However, in our case of learning imbalanced data, the majority classes might be of our great interest. It is desirable to have a classifier that gives high prediction accuracy over the majority class, while maintaining reasonable accuracy for the minority classes. Therefore, we will leave it as it is.

 

Text Representation

 
The classifiers and learning algorithms can not directly process the text documents in their original form, as most of them expect numerical feature vectors with a fixed size rather than the raw text documents with variable length. Therefore, during the preprocessing step, the texts are converted to a more manageable representation.

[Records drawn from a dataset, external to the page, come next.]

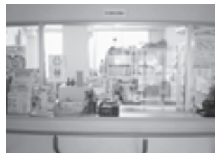
寺井支所(ふれあいプラザ)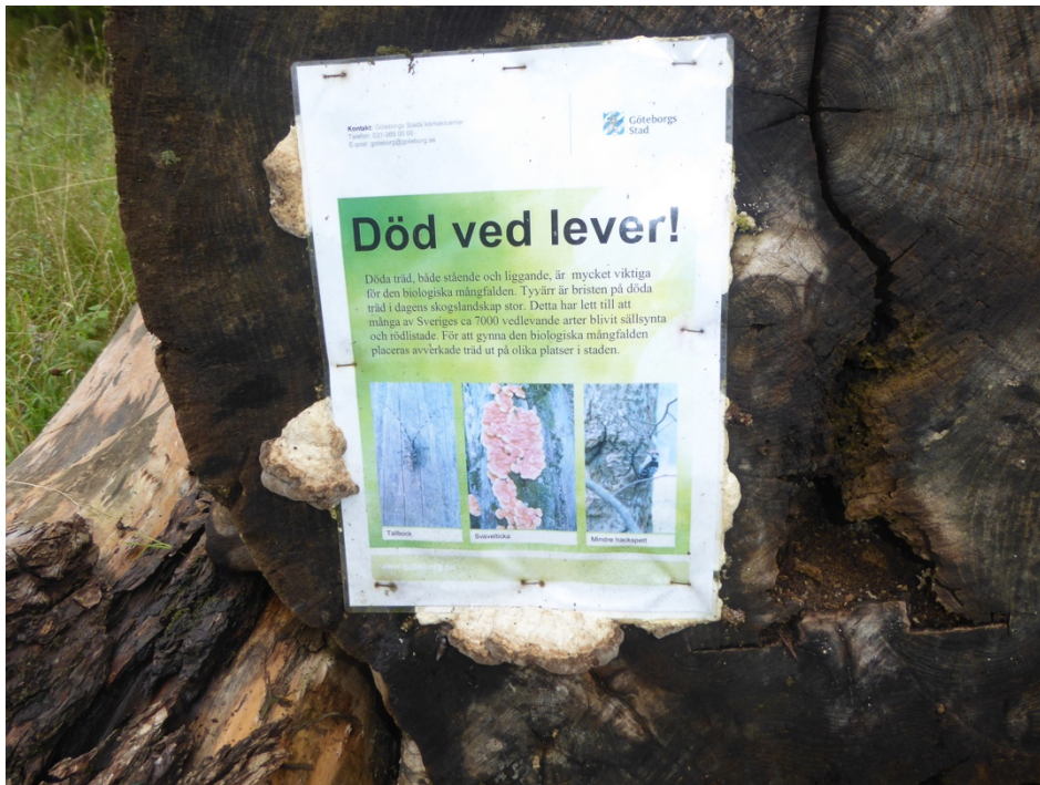
Figur 21. Död ved lever! Upp till bevis för korktickorna i Årekärr.

Bland de undersökta biodepåerna befinner sig några i mer eller mindre öppen mark (Brudaremossen, Grimbo, Sjöbacka), några i skogsbryn (Bergsjövägen, Hjällbo, Årekärr) och några i sluten skog (Grästuvevägen, Stora Torp). Delsjödepån ligger i en kraftledningsgata med öppen håll-/hedmark genom blandskog. Här är det svårare att dra några slutsatser utifrån depåernas artlistor, men sannolikt bryts ved i öppen mark ned fortare än i skogsmark. En hög sol- och vindexponering är en faktor som påskyndar uttorkandet av veden, vilken tappar barken fortare och bryts ned snabbare. Olika vedsvamparter föredrar fuktig och torr ved, vilket gör att placering i skogsbryn eller halvskugga kanske gynnar artdiversiteten mest. Som tidigare nämnts kan depåerna fungera som spridningskälla till intilliggande skog, men då är det fördelaktigt om det är samma trädslag i skogen som i depån.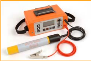
Elcometer 3312 带半电池探头

Elcometer 3312 2 保护层测试和半电池测试仪不仅可以定位钢筋位置和走向、保护层厚度、和钢筋直径，同时还可以根据半电池法测试钢筋锈蚀情况。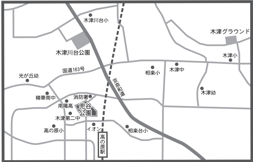
A detailed map of the area around Takinaka Station (高の原駅). The map shows a network of roads, including National Route 163 (国道163号) and the Takinaka River (砥谷川). Key locations marked include: 高の原駅 (Takinaka Station) at the bottom center, indicated by a train icon. 公園 (Park) located near the station, with a shaded area representing the park grounds. 消防署 (Fire Station) located to the north of the park. 学校 (Schools) marked with dots: 光が丘幼 (Mitsugakayama Kindergarten), 精華南中 (Seikwa Junior High), 南陽高 (Nanyo High), 木津第二中 (Kitsunaka Second Junior High), 高の原小 (Takagahara Elementary), イオン (Aeon), 相楽小 (Sagara Elementary), 相楽小 (Sagara Elementary), 木津中 (Kitsunaka Junior High), 木津小 (Kitsunaka Elementary), 木津幼 (Kitsunaka Kindergarten), 木津川台小 (Kitsunakatai Elementary), and 木津グラウンド (Kitsunaka Ground). 木津川台公園 (Kitsunakatai Park) located to the north of the station. 砥谷川 (Takinaka River) flowing through the area, marked with a dashed line.

※お休みされる場合は12月中であれば鴻ノ池外周教室等へ振替えてご参加いただくことも可能ですので、コーチまでお声がけ下さい。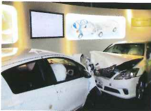
汽車安全示範亦很值得觀看。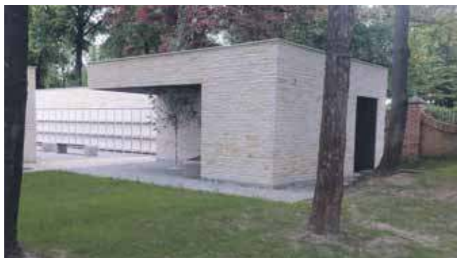
W kwietniu zostało oddane nowe kolumbarium na cmentarzu komunalnym i wraz z nim wybudowano sanitariat

„Mieszkańcy zwracają szczególną uwagę na brak jakiegokolwiek toalety w okolicach placu zabaw, co stanowi istotny problem, zwłaszcza dla rodzin z małymi dziećmi, które nie mają możliwości skorzystania z toalety podczas zabawy na świeżym powietrzu. Zgłaszane są również przypadki opuszczania parku z powodu braku takiej infra-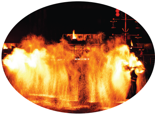
忻州古城内的“火壶”表演。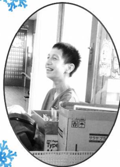
ことし すてき おん 今年も素敵な1年に なりますように🐰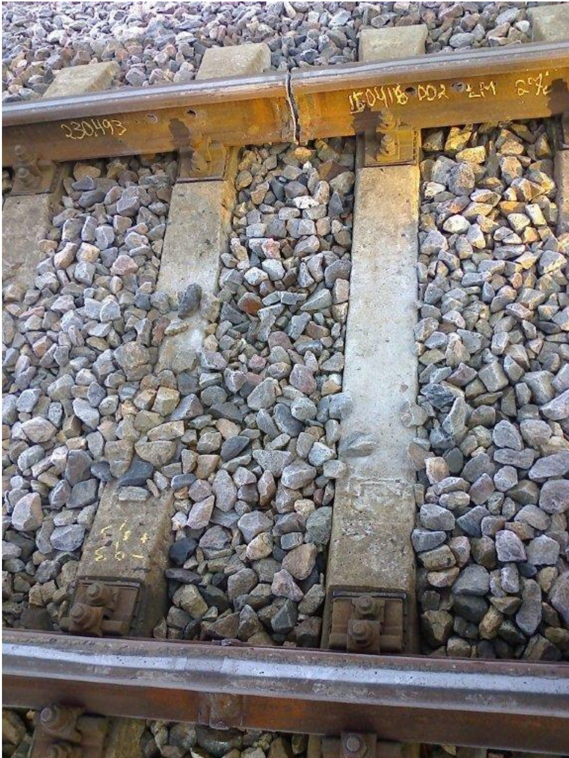
Foto 1. Rööpamurd 28.12.2015 termiitkeevises Kabala – Sonda jaamavahel km 229 pk 6

Esimesena purunes aastavahetusel termiitkeevis Kabala – Sonda jaamavahel, mis oli teostatud 08.06.2015. Seda ilmestab järgmine foto: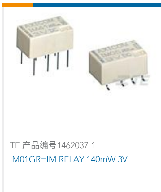
TE 产品编号1462037-1 IM01GR=IM RELAY 140mW 3V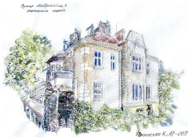
Il. 7. Szkic urbanistyczny willi secesyjnej (ul. Metrolohichna 8) (akwarela, pióro, ołówek, rys. student 3. semestru K. Prohasko, 2013)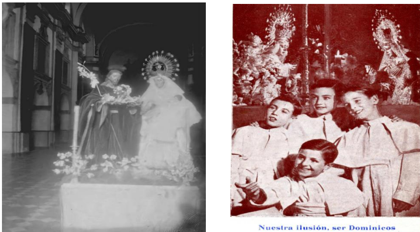
Nuestra ilusión, ser Dominicos

En la década de los 60 todavía estaban vigentes las antiguas devociones dominicanas junto a las cofradías: Antigua foto de la procesión claustral de la Candelaria y estampa vocacional.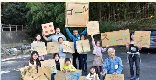
参加した小学生とDOOR研究生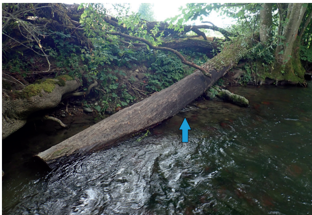
Abb. 2 und 3: Fundorte der Adulttiere P. acuminatus.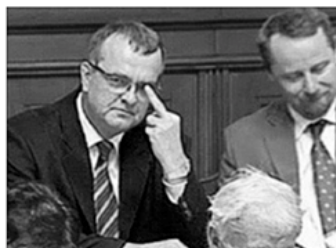
Ministr financí vlády ČR Miroslav Kalousek při práci v Poslanecké sněmovně Parlamentu ČR, 2008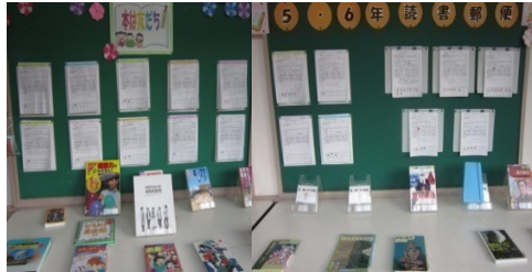
校舎内の本コーナー(高学年)

One common approach for extracting features from text is to use the bag of words model: a model where for each document, a complaint narrative in our case, the presence (and often the frequency) of words is taken into consideration, but the order in which they occur is ignored.

Specifically, for each term in our dataset, we will calculate a measure called Term Frequency, Inverse Document Frequency, abbreviated to tf-idf. We will use sklearn.feature_extraction.text.TfidfVectorizer to calculate a tf-idf vector for each of consumer complaint narratives:

  • sublinear_df is set to True to use a logarithmic form for frequency.
  • min_df is the minimum numbers of documents a word must be present in to be kept.
  • norm is set to l2, to ensure all our feature vectors have a euclidian norm of 1.
  • ngram_range is set to (1, 2) to indicate that we want to consider both unigrams and bigrams.
  • stop_words is set to "english" to remove all common pronouns ("a""the", ...) to reduce the number of noisy features.
from sklearn.feature_extraction.text import TfidfVectorizer

tfidf = TfidfVectorizer(sublinear_tf=True, min_df=5, norm='l2', encoding='latin-1', ngram_range=(1, 2), stop_words='english')

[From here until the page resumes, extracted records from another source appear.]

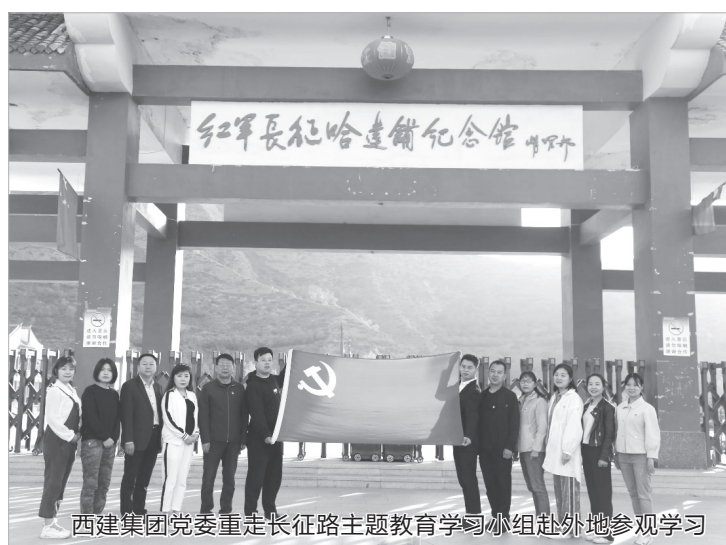
西建集团党委重走长征路主题教育学习小组赴外地参观学习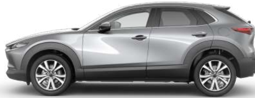
MACHINE GRAY (46G) 1)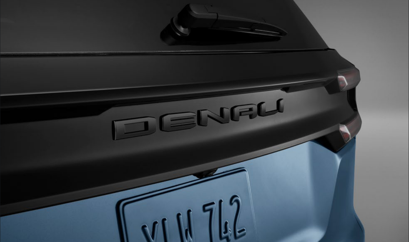
EMBLEMA DENALI EN NEGRO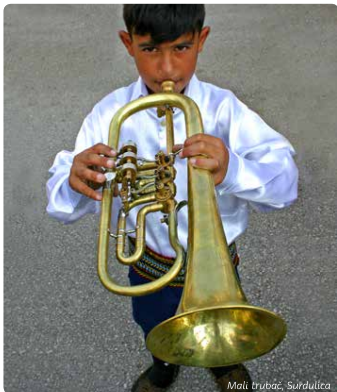
Mali trubač, Surdulica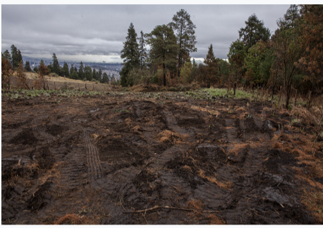
Talan bosque con apoyo de alcaldesa que busca reelegirse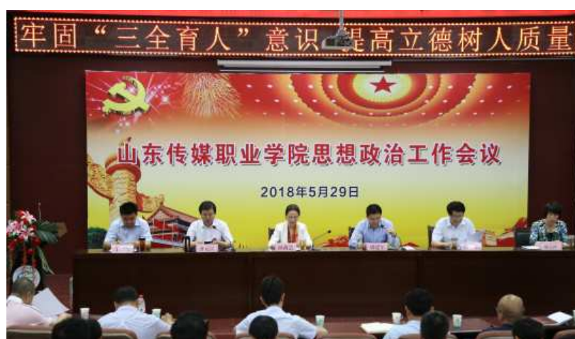
图十二，学院召开牢固“三全育人”意识 提高立德树人质量思想政治工作会议

思政工作体系，学院首次召开全院思想政治工作会议，基于全院大思政工作理念，制定下发《山东传媒职业学院思政政治教育工作考核指标体系》和《山东传媒职业学院思政政治教育工作考核评议实施办法》，推动意识形态和思政政治工作制度化、体系化、长效化。不断健全完善全员育人、全过程育人、全方位育人的思政工作体系。同时学院将以课程改革为抓手，打造既有深度又有温度的思政课程，构建立体多元的课程思政体系。

features = tfidf.fit_transform(df.Consumer_complaint_narrative).toarray()
labels = df.category_id
features.shape


(4569, 12633)

Now, each of 4569 consumer complaint narratives is represented by 12633 features, representing the tf-idf score for different unigrams and bigrams.

We can use sklearn.feature_selection.chi2 to find the terms that are the most correlated with each of the products:

from sklearn.feature_selection import chi2
import numpy as np

N = 2
for Product, category_id in sorted(category_to_id.items()):
  features_chi2 = chi2(features, labels == category_id)
  indices = np.argsort(features_chi2[0])
  feature_names = np.array(tfidf.get_feature_names())[indices]
  unigrams = [v for v in feature_names if len(v.split(' ')) == 1]
  bigrams = [v for v in feature_names if len(v.split(' ')) == 2]
  print("# '{}':".format(Product))
  print("  . Most correlated unigrams:\n. {}".format('\n. '.join(unigrams[-N:])))
  print("  . Most correlated bigrams:\n. {}".format('\n. '.join(bigrams[-N:])))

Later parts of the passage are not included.